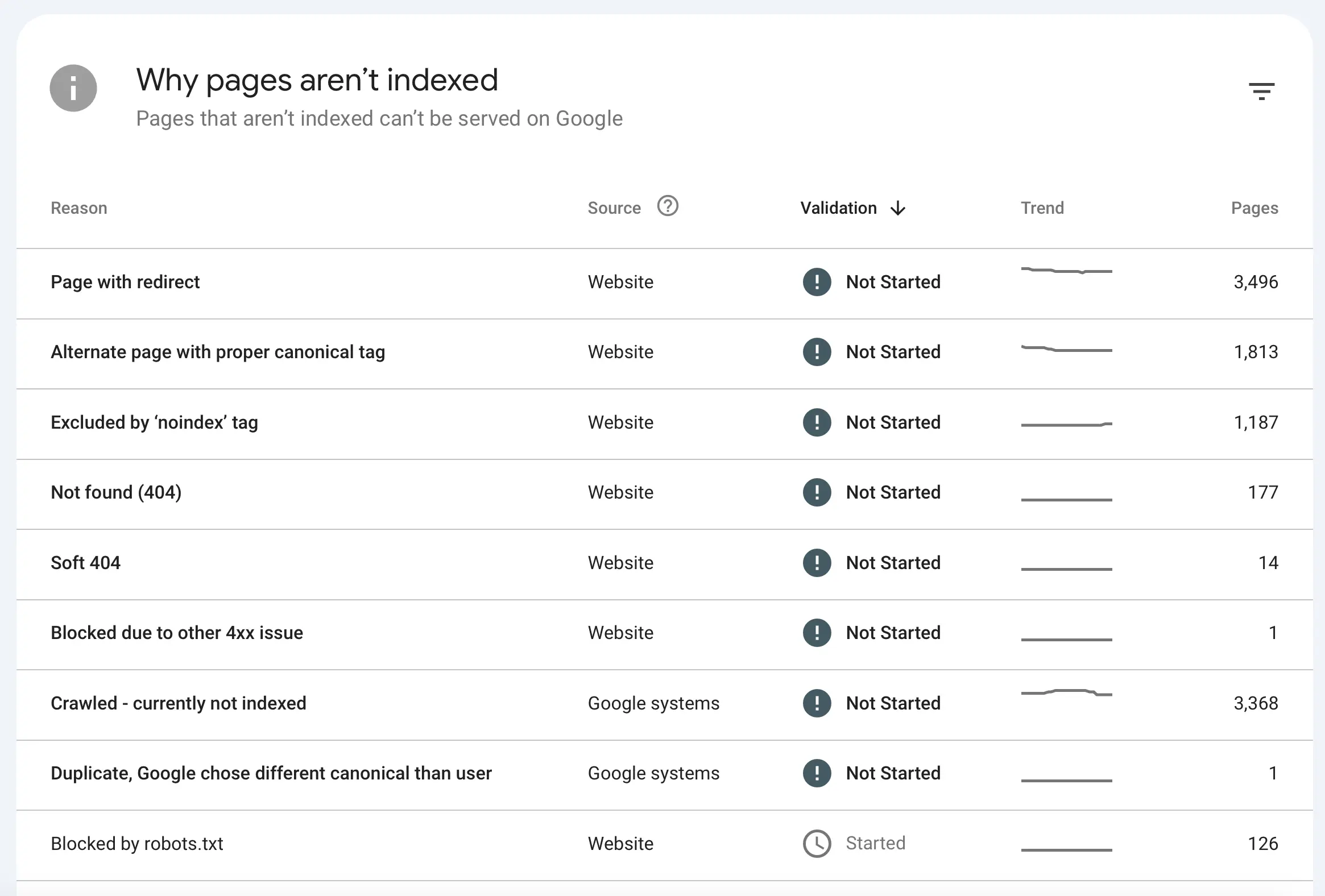 When you're done investigating, use Validate Fix in the Page indexing report to ask Google to verify if the issue is resolved.
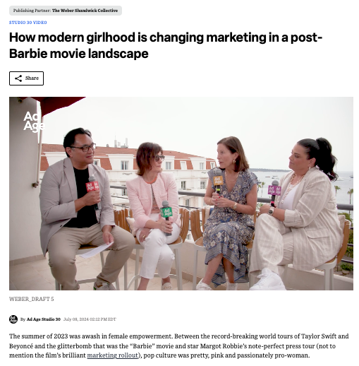 Published in the wake of the “Barbie” movie phenomenon, this conversation examines how modern girlhood is reshaping marketing—from identity and aspiration to community, creativity, and cultural power. Shot on the terrace of IPG Mediabrands’ suite in the JW Marriott in Cannes and featuring Weber Shandwick’s Gail Heimann, Mattel’s Lisa McKnight, and Talk to Jess’ Jess Weiner, the discussion explores how brands are recalibrating their approach to reach girls and young women as multidimensional audiences with agency, influence, and evolving expectations. The result is a nuanced look at how culture, commerce, and representation intersect in a post-“Barbie” marketing landscape—and what today’s shifts signal for the future. (July 8, 2024; The Weber Shandwick Collective)
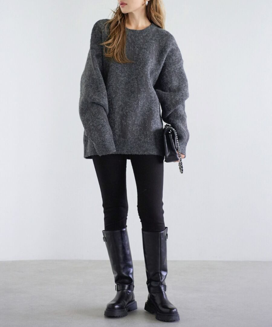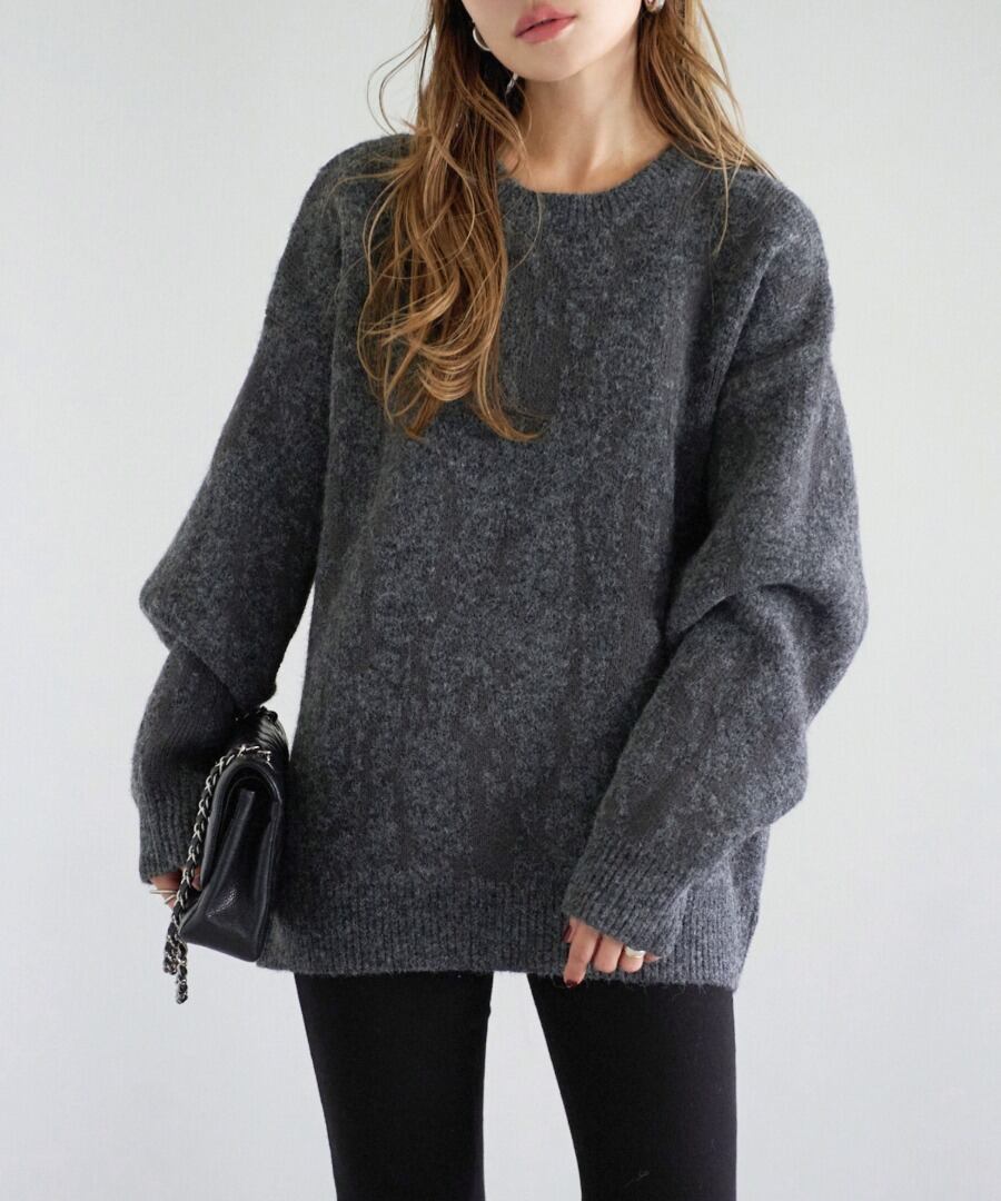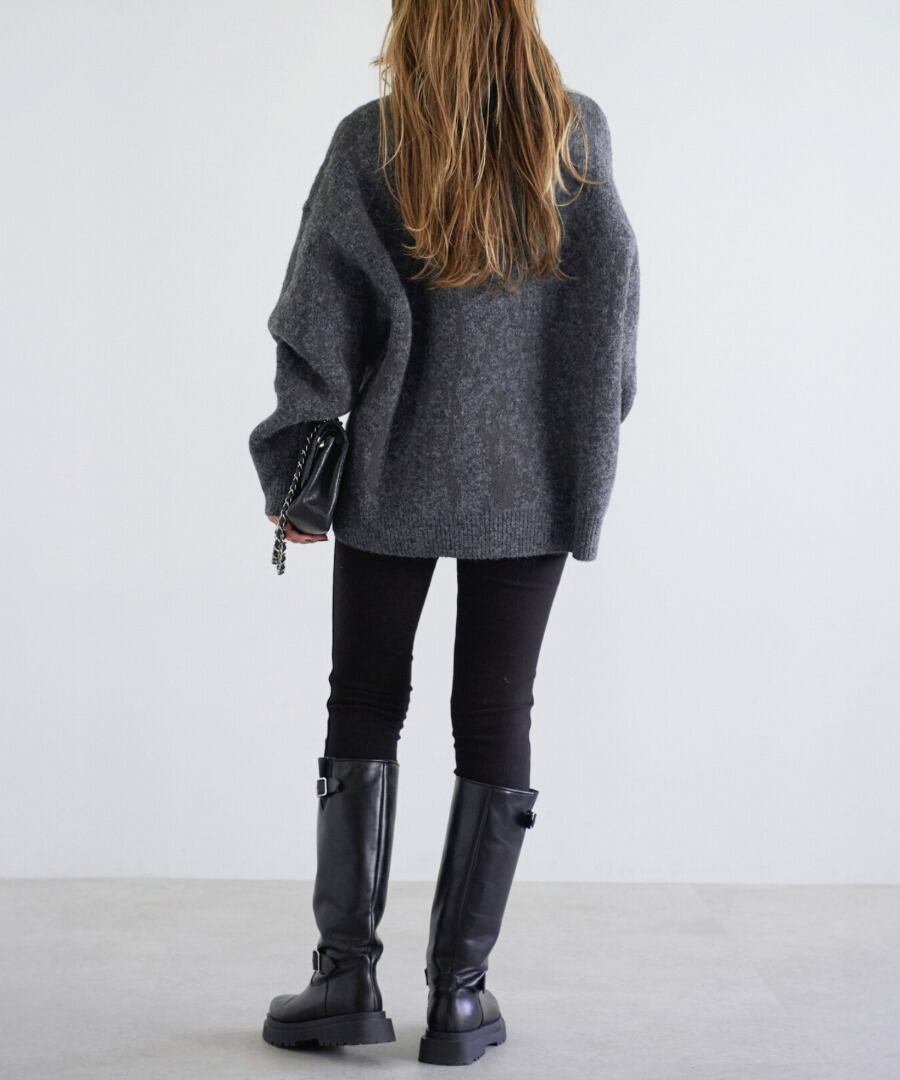 襟元・袖口・裾はリブ仕様でまとめ、全体のフォルムがすっきり整うよう仕上げました。
○ ○ ○
What is needed: Everything in the listing must be copied exactly except the pictures.

Task answer:
 When you're done investigating, use Validate Fix in the Page indexing report to ask Google to verify if the issue is resolved.
 Published in the wake of the “Barbie” movie phenomenon, this conversation examines how modern girlhood is reshaping marketing—from identity and aspiration to community, creativity, and cultural power. Shot on the terrace of IPG Mediabrands’ suite in the JW Marriott in Cannes and featuring Weber Shandwick’s Gail Heimann, Mattel’s Lisa McKnight, and Talk to Jess’ Jess Weiner, the discussion explores how brands are recalibrating their approach to reach girls and young women as multidimensional audiences with agency, influence, and evolving expectations. The result is a nuanced look at how culture, commerce, and representation intersect in a post-“Barbie” marketing landscape—and what today’s shifts signal for the future. (July 8, 2024; The Weber Shandwick Collective)
 襟元・袖口・裾はリブ仕様でまとめ、全体のフォルムがすっきり整うよう仕上げました。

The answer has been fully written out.